WHAT IS BEING ASKED. Images should be left out, and everything else in the listing reproduced exactly.
===== MATERIAL PROVIDED
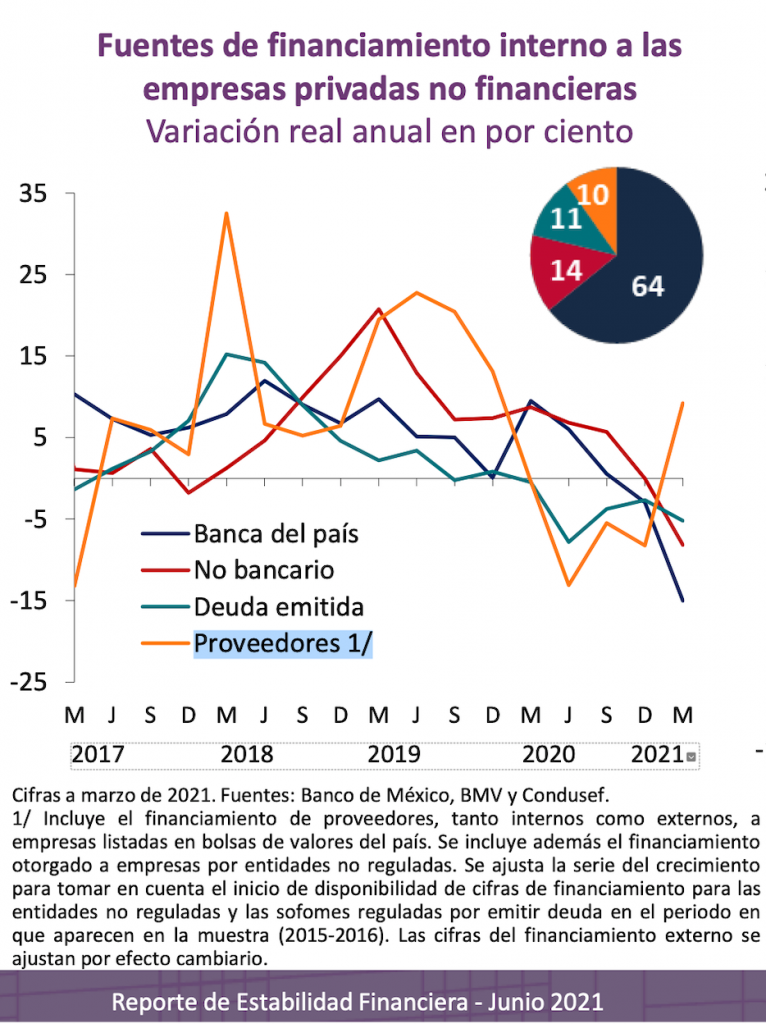 Esto se aprecia claramente en el último informe emitido por el Banco de México (Banxico) donde se denota un incremento en apalancamiento de las empresas mediante sus proveedores y la caída del financiamiento por medio de la banca del país que ha sido la más pronunciada de todas las citadas por el informe como fuente de financiamiento a empresas privadas no financieras.
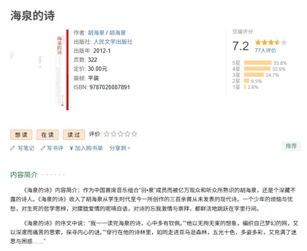 公开资料显示,《海泉的诗》是音乐人胡海泉创作的诗集,由人民文学出版社于2012年1月出版。作者出生于军旅诗人家庭,11岁起发表文学作品,该书收录其13至19岁期间创作的三百余首未公开现代诗,展现其学生时代的文学轨迹。
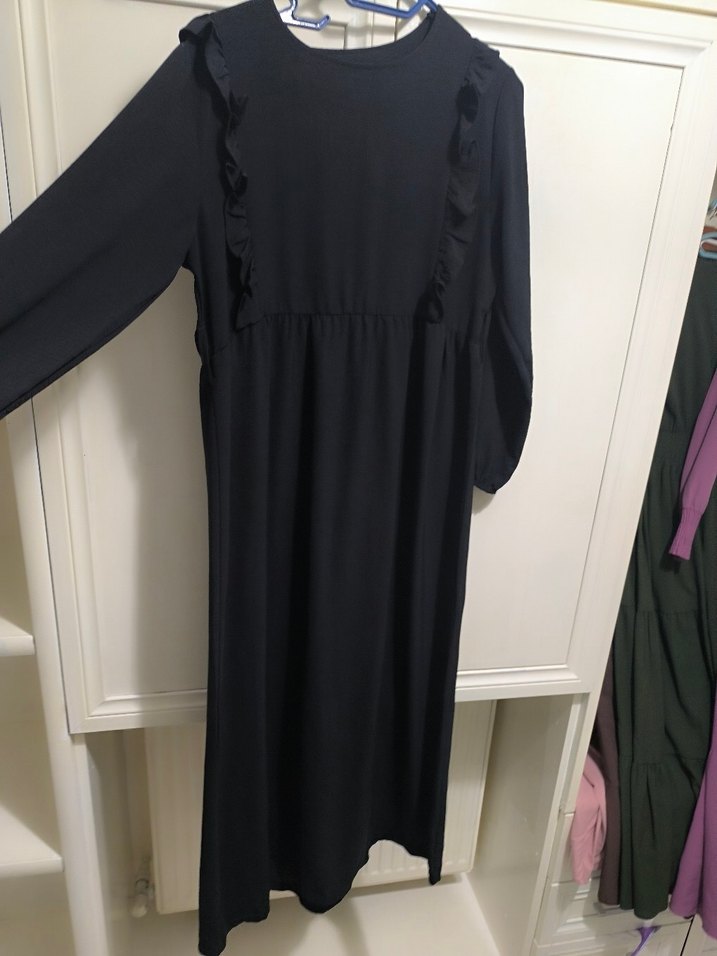 Uzun kollu, bisiklet yaka ve ön kısmında volan detayları bulunan siyah uzun elbise. Rahat kesimli ve pürüzsüz ayrobin kumaştan yapılmıştır. l xl XXL ye olur ayrobin kumaş kuşağı kayıptır
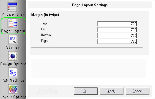 The Page Layout tab is the location where the page Margins can be established. These margins will apply to the Bill Format and all optional components that may be added, such as Banner Page, Cover Page, etc. Margins can be shown in Twips or Inches as defined in Layout Options.
==========
RESPONSE BOX.
 Esto se aprecia claramente en el último informe emitido por el Banco de México (Banxico) donde se denota un incremento en apalancamiento de las empresas mediante sus proveedores y la caída del financiamiento por medio de la banca del país que ha sido la más pronunciada de todas las citadas por el informe como fuente de financiamiento a empresas privadas no financieras.
 公开资料显示,《海泉的诗》是音乐人胡海泉创作的诗集,由人民文学出版社于2012年1月出版。作者出生于军旅诗人家庭,11岁起发表文学作品,该书收录其13至19岁期间创作的三百余首未公开现代诗,展现其学生时代的文学轨迹。
 Uzun kollu, bisiklet yaka ve ön kısmında volan detayları bulunan siyah uzun elbise. Rahat kesimli ve pürüzsüz ayrobin kumaştan yapılmıştır. l xl XXL ye olur ayrobin kumaş kuşağı kayıptır
 The Page Layout tab is the location where the page Margins can be established. These margins will apply to the Bill Format and all optional components that may be added, such as Banner Page, Cover Page, etc. Margins can be shown in Twips or Inches as defined in Layout Options.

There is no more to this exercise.